### Problem requirements
Skip the pictures. Transcribe the rest of the data below without changing a word.

### Data
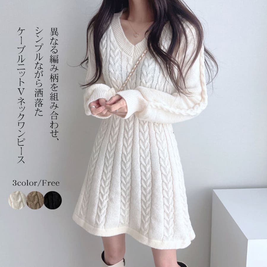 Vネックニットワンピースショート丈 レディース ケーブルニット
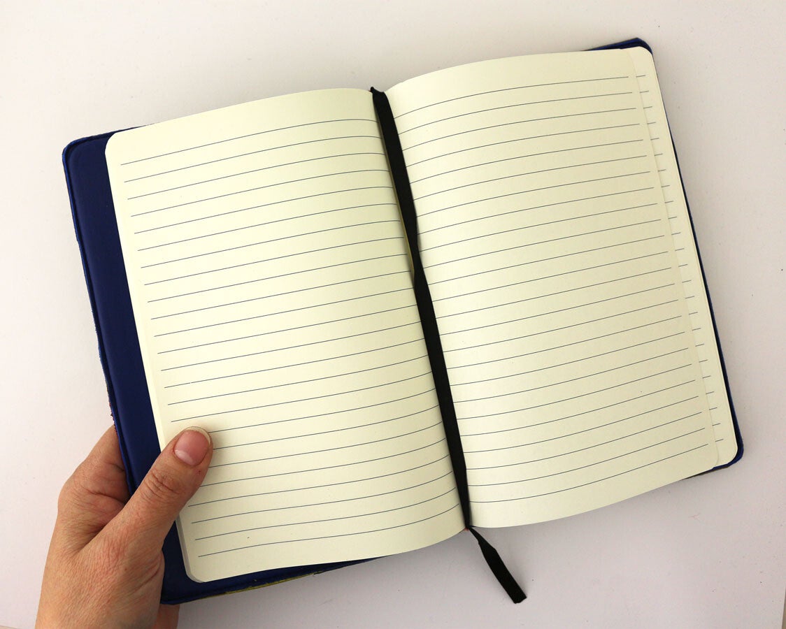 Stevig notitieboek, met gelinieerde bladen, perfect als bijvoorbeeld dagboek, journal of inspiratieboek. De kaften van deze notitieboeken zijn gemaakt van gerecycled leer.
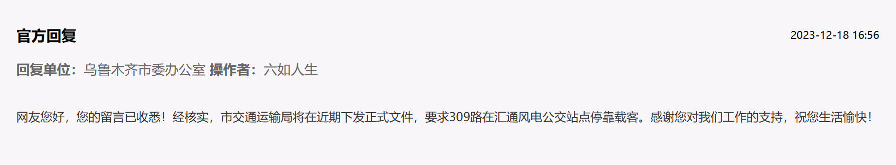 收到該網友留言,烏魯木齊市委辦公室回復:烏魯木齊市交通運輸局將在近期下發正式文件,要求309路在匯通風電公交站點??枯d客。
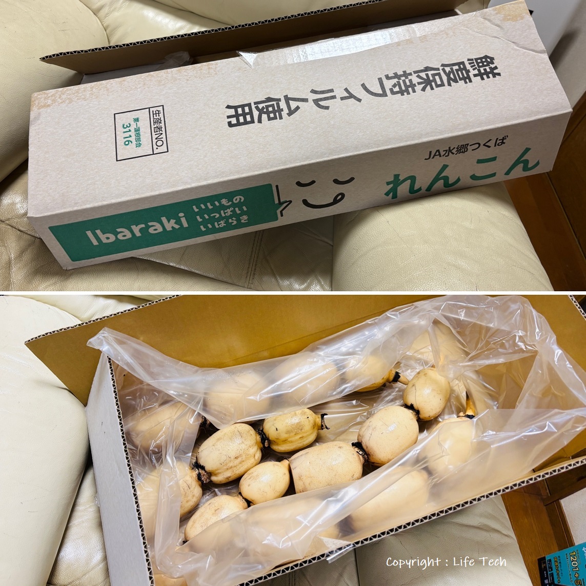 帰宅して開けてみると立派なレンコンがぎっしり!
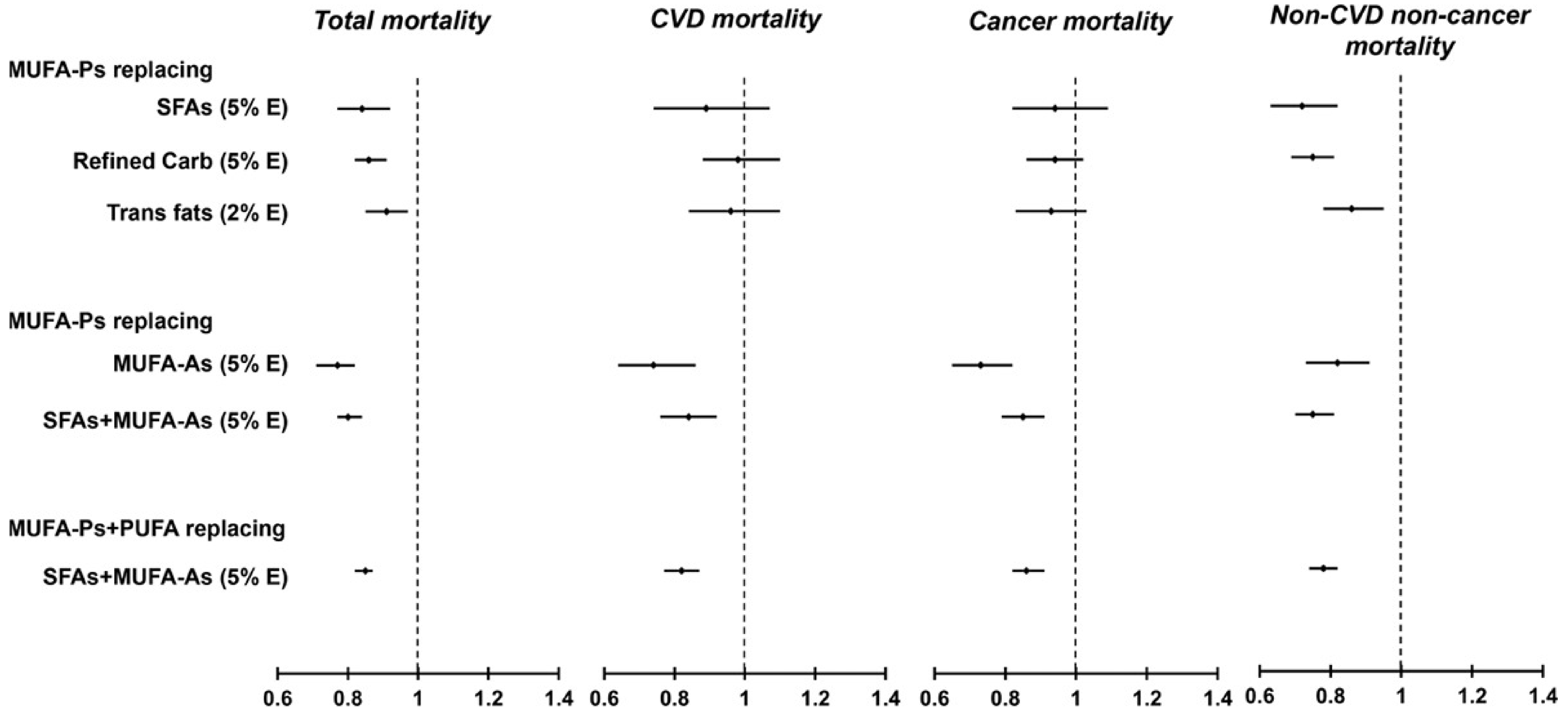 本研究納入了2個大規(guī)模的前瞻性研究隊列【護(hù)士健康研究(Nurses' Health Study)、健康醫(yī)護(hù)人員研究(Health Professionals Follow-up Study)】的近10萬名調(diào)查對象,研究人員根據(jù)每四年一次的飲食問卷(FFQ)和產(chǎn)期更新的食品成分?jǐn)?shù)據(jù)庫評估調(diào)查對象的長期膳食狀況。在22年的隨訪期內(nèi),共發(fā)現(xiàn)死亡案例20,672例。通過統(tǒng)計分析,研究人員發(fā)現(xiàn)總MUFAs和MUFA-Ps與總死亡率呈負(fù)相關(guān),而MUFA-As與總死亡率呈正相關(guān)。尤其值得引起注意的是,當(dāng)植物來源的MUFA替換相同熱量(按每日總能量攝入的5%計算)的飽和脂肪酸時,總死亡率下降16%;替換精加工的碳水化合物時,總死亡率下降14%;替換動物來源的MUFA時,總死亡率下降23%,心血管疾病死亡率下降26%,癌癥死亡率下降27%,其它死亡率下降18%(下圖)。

### Answer box
 Vネックニットワンピースショート丈 レディース ケーブルニット
 Stevig notitieboek, met gelinieerde bladen, perfect als bijvoorbeeld dagboek, journal of inspiratieboek. De kaften van deze notitieboeken zijn gemaakt van gerecycled leer.
 收到該網友留言,烏魯木齊市委辦公室回復:烏魯木齊市交通運輸局將在近期下發正式文件,要求309路在匯通風電公交站點??枯d客。
 帰宅して開けてみると立派なレンコンがぎっしり!
 本研究納入了2個大規(guī)模的前瞻性研究隊列【護(hù)士健康研究(Nurses' Health Study)、健康醫(yī)護(hù)人員研究(Health Professionals Follow-up Study)】的近10萬名調(diào)查對象,研究人員根據(jù)每四年一次的飲食問卷(FFQ)和產(chǎn)期更新的食品成分?jǐn)?shù)據(jù)庫評估調(diào)查對象的長期膳食狀況。在22年的隨訪期內(nèi),共發(fā)現(xiàn)死亡案例20,672例。通過統(tǒng)計分析,研究人員發(fā)現(xiàn)總MUFAs和MUFA-Ps與總死亡率呈負(fù)相關(guān),而MUFA-As與總死亡率呈正相關(guān)。尤其值得引起注意的是,當(dāng)植物來源的MUFA替換相同熱量(按每日總能量攝入的5%計算)的飽和脂肪酸時,總死亡率下降16%;替換精加工的碳水化合物時,總死亡率下降14%;替換動物來源的MUFA時,總死亡率下降23%,心血管疾病死亡率下降26%,癌癥死亡率下降27%,其它死亡率下降18%(下圖)。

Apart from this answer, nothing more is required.